Sunday, June 24, 2007

earphones.

It just suddenly struck me again today that I have really lost him.

I woke up feeling kinda okay nowadays. I can feel myself breathing. And I thought thy heart isn't hurting anymore. However, to great dismay, I realised it's totally numb. Or rather, I should say I am in a state of shock.

Can't help missing him. But then again, I know I can't. There is simply no point in doing so for there's no way I could ever make my feelings known. A change of role, a switch of status - that's what I am now. Insignificantly invisible. He hinted that I am partly responsible for the way things turn out today... But what the hell did I do? Whatever it is, I know he is avoiding me as if I am a million-dollar-bucks-owed creditor. He just loathes me.

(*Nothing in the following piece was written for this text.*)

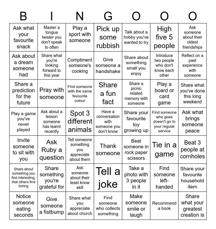 This bingo card has a free space and 48 words: Invite someone to sit with you, Ask about a lesson someone has learnt recently, Share what you appreciate about church, Thank someone, Share about something small you enjoy, Find someone who goes doesn't go to your regular service, Ask someone about their oldest friendships, Notice someone eating seconds, Pray with someone, Spot 3 different animals, Pick up some rubbish, Talk about a hobby you've wanted to try, Play a board or card game, Share what you've done this long weekend, Play a game you've never played, Share something you're grateful for, Play a sport with someone, Share a fun fact, Take a photo with 3 people in it, High five 5 people, Reflect on a past experience with someone, Ask about a dream someone had, Master a tongue twister you don't speak to often, Compliment someone's cooking, Make someone smile or laugh, Introduce two people who don't know each other, Ask what brings someone peace, Share about something you find interesting, that others find boring, Ask Ruby a question, Find someone with the same favourite colour, Tell a joke, Share a picnic related memory with someone, Find someone left-handed, Share your favourite household item, Ask what your favourite snack, Give someone a fistbump, Tell someone something you appreciate about them, Find someone who collects something, Share your favourite toy growing up, Recommend a book, Beat 3 people at cornholes, Share a prediction for the future, Share what you're looking forward to this year, Ask someone about their least know skill, Give someone a handshake, Beat someone in rock paper scissors, Tie in a game and Share what your greatest creation is.

I reminded myself of the humiliation I had received. And I start to finally feel sorry for myself. Why on earth would I even let someone bring me down this way? If he loved me, he won't even let his folks threw insults at me as if I am valueless. When I called his house the other day and to my great disappointment, it's his mother who answered the phone. She sounded as if she was ready to charge at me with a hand dagger (if she's a ninja) or a kitchen knife. Am I really that detestable? I am still deeply missed by my past relationship's mother, er hello? I am also very greatly loved by my friends' mothers, er hello?

And if he really did loved me, would he even let me wait whole night alone? So many, just far too many, decisions he made to validate this very fact that he had never loved me before; he had never treated me and respected me like a human being before. Pause you who are reading this, can you picture yourself putting up with this kinda disrespectful treatment but still clinged on to a relationship in which you long foresee no future in it but still do because you believe in "Love will find a way"? I think it does find a way for itself, not when it is one-sided.

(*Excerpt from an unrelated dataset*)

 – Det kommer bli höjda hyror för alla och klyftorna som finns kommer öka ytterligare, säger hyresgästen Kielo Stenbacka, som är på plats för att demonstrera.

I have to accept that: He is the one who wants to give me up, He wants nothing of me but just a mere passing phase, He just wants to throw everything we've once had away because there are greener pastures in NUS. Oh.. H. Thanks for knocking some bloody sense into me. On which earth, would which guy be able to resist the temptations of more girls, many girls, a lot of girls? Your friend ever since sec one just talks crap as if he's talking with this rectum isn't it? Haha.

I sat in front of my television for two hours today, watching "200 Pounds Beauty" and I have been watching a lot of "South Park" lately. I am about to comb every single season and every single episode of it.

I know all these pain won't stop till I wise up.



spinning around like a big spinning top.